In thinking about the long-term, I also wanted to add these clips from Kristine Kathryn Rusch, followed by Kevin J Anderson who both talk about the importance of thinking of your author career over the long term, and how there will always be ups and downs. These interviews were clearly recorded before the pandemic, but we’re seeing an example of how things can change so quickly right now in these weird times.
Kris Rusch: One of the things I think indies need to do is they need to think longterm. And they’re not. They’re thinking next week or this sub-genre is hot right now and I’m going to write it and I’m going to sell a million books on Amazon, not thinking that everybody’s writing that sub-genre and people are going to eventually stop reading it because they’re not writing from their heart.
So indies need to realize that if they’re in this, they’re in this for the long haul and the long haul isn’t two years from now, the long haul is 20, 30 years from now. And their planning needs to be based on that. And that’s hard to do, especially if you’re just starting out or you need money, or you took that plunge and you dumped your day job and now you’re trying to earn money every day. That’s a hard position to be, and you have to balance that day to day with the longterm view.
Listen to the full interview on how authors can empower themselves here.
Kevin J Anderson: What do you do when it takes 20 years? Well, it may well take 20 years, so don’t quit your day job if you’ve got something. If you have a good year and a lot of money comes in, don’t assume that next year is going to be the same.
Publishing is like a roller coaster, it’s up and down and up and down. It’s similar to the music industry. If you have one hit, don’t assume that your next one’s going to be a hit. So when you do have money, you need to save well, invest it, prepare for times when it’s going to be a crash, and just don’t think that it’s going to keep going.

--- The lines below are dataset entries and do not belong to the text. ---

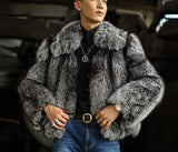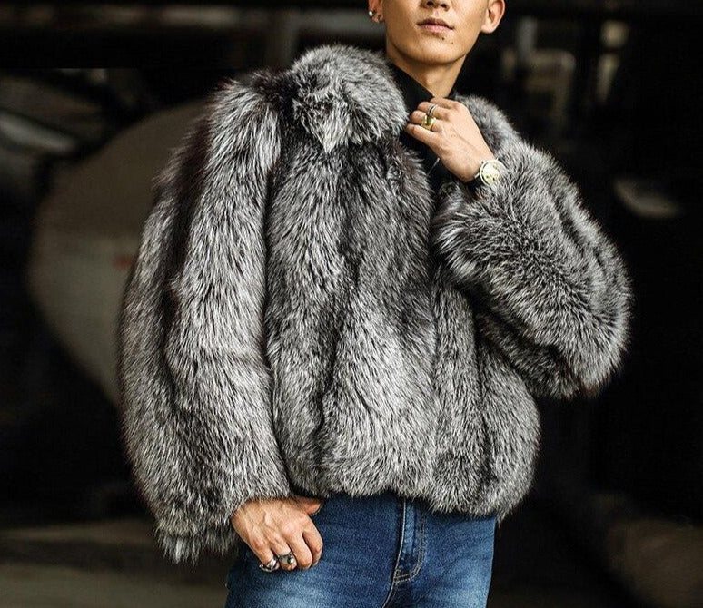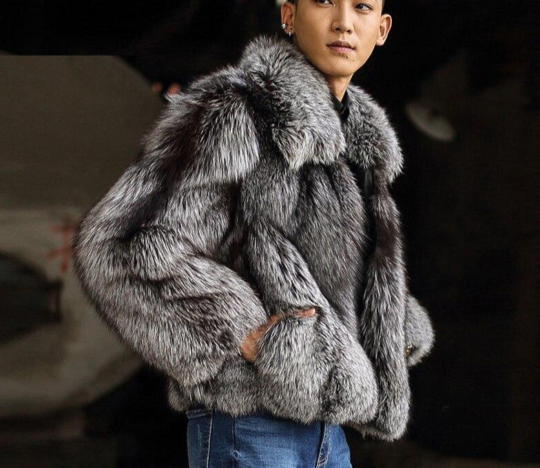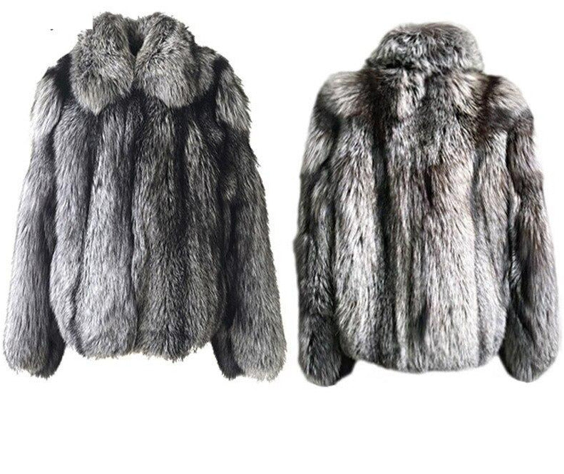 If you want to feel as charming and mysterious as the 1940's dark ladies, this full length overcoat with silver fox is just perfect. Full length grants maximum protection from the cold. Snap buttoning and two slit pockets. Inner lining printed all over with corporate lettering. Luxury and originality are embodied in this soft jacket. inspirational quote by Pisani Maura..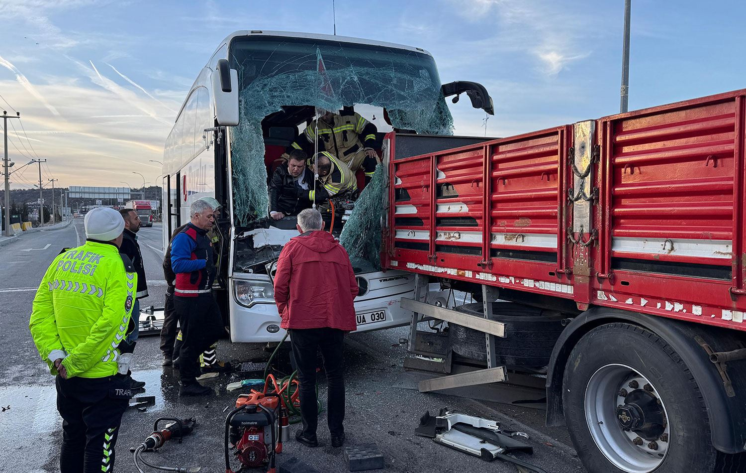 Haber Merkezi - Kütahya'da yolcu otobüsünün tıra arkadan çarpması sonucu ilk belirlemelere göre 14 kişi yaralandı.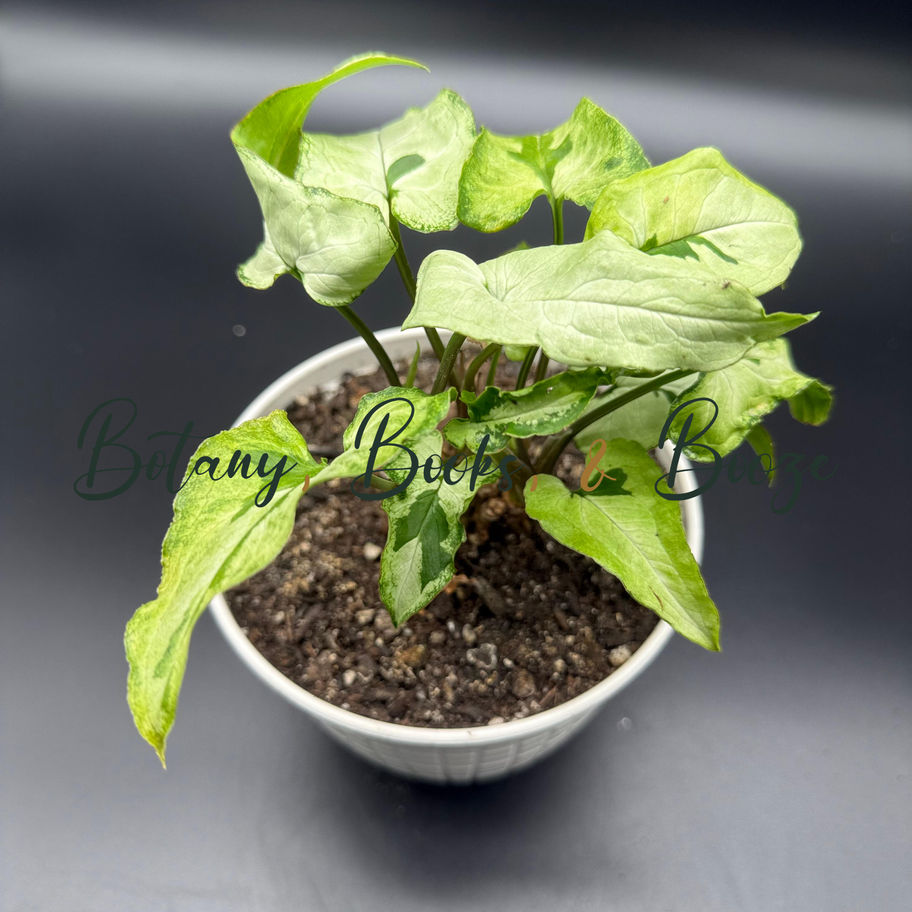 Cream, pink, and green variegation. Highly variegated rare cultivar. Growth Habit: Climbing/trailing vine. Light: Bright indirect light. Soil: Well-draining mix with perlite. Water: Moderately moist; allow top inch to dry. Fertilizer: Balanced fertilizer monthly spring-summer. Temperature: 60-80°F; adaptable. Toxicity: TOXIC to pets/humans. Calcium oxalate. Mature Size: Vining/climbing; 3-6 feet. Flowering: Rare indoors.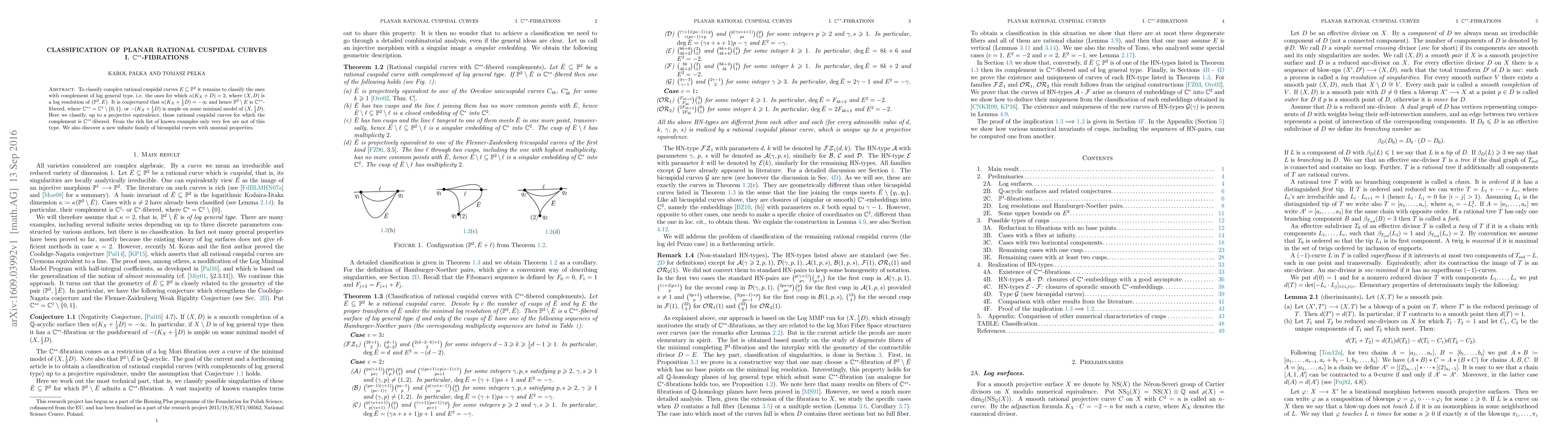 To classify complex rational cuspidal curves $E\subseteq \mathbb{P}^2$ it remains to classify the ones with complement of log general type, i.e. the ones for which $\kappa(K_X+D)=2$, where $(X,D)$ is a log resolution of $(\mathbb{P}^2,E)$. It is conjectured that $\kappa(K_X+\frac{1}{2}D)=-\infty$ and hence $\mathbb{P}^2\setminus E$ is $\mathbb{C}^{**}$-fibered, where $\mathbb{C}^{**}=\mathbb{C}^1\setminus\{0,1\}$, or $-(K_X+\frac{1}{2}D)$ is ample on some minimal model of $(X,\frac{1}{2}D)$. Here we classify, up to a projective equivalence, those rational cuspidal curves for which the complement is $\mathbb{C}^{**}$-fibered. From the rich list of known examples only very few are not of this type. We also discover a new infinite family of bicuspidal curves with unusual properties.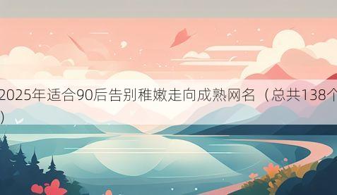 嘿,90后的小伙伴们!2025年啦,咱们也该跟过去的稚嫩说拜拜,大步迈向成熟咯,网名作为咱们在网络世界的一张名片,也得跟上这成长的步伐呀,下面就给大伙搜罗了138个适合咱们90后在2025年告别稚嫩走向成熟的带符号网名,快来看看有没有合你心意的~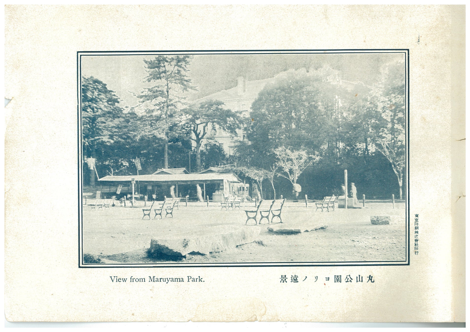 長楽館は明治42年に村井吉兵衛により、円山公園に隣接した祇園の土地に建てられました。京都出身の実業家 村井吉兵衛がこの洋館の竣工当時に残したアルバム帳(京都円山長楽館 : 村井別邸)には「丸山公園ヨリノ遠景」や「館内ヨリ丸山ヲ望ム」という円山公園を映した写真が残されており、別邸の地としてこの地が選ばれた理由には同公園の景観が大きく関わっていたことが読み取れます。

I was just at the 20 Books to 50K conference in Las Vegas where there were literally a thousand attendees, all of them ambitious indie authors. We’re kind of in gold rush days and it’s a big boom and everybody’s running big ad campaigns. From an industry-wide perspective, this is still like a new and disruptive part of the business and it’s changing a lot. And I talked to a bunch of the people who were at 20Books and I said, ‘guys, you haven’t had your first huge boom and bust cycle yet.’ A lot of them are still kind of on this big upswing, but — and I’m not being a doom and gloom person, but that’s just the way the industry works — something’s going to crash in some part of it and you’ve got to be prepared for that.
And I kind of make the joke that in my own career, I’ve crashed and burned and then picked myself up and then crashed and burned and then picked myself up so many times, and resurrected my career, I call myself the doctor sometimes, I’m like the 11th doctor now or something like that. And, I’m still going. I’m still publishing. I just made a really huge traditional book deal and I’ve got a whole bunch of indie books that we’re publishing. I’m also this very, busy and happy professor at Western Colorado university where I’m teaching a publishing master’s degree. It’s just all kinds of things are happening. These are all lightning rods that I planted and you never know when something’s going to strike, but, but you have to be ready for it and keep creating.
Listen to the interview on long term success as a writer with Kevin J Anderson here.
Next steps: What’s changing?
Things have definitely changed for me as a result of the pandemic. I’ve had time to reflect on what I want to achieve, how I want to spend my time, and what my definition of success really is.
In the last decade, I have ‘turned pro’ at running a non-fiction business. I’ve spent 80-90% of my time on the non-fiction side of things and it has been fantastic, but it’s time for a change. I am starting to have more confidence around my fiction and I want to give it more of my time. What could I achieve as J.F.Penn in the next decade if I gave that brand as much attention as I have given Joanna Penn?
My husband, Jonathan, has also had time to think and we’ve talked about a lot of things on our daily walks along the canal during lockdown. The big change is that he is leaving the business to restart his own career. He is a statistical programmer in the medical and pharmaceutical industry, and let’s face it, that is a useful place to be right now!
He has been under-utilized in our business for a while and work is not just about money anyway — it’s also about meaning. The Creative Penn was always my business first, focused on my passions, and even though it makes enough income to sustain us both, it does not provide enough meaning.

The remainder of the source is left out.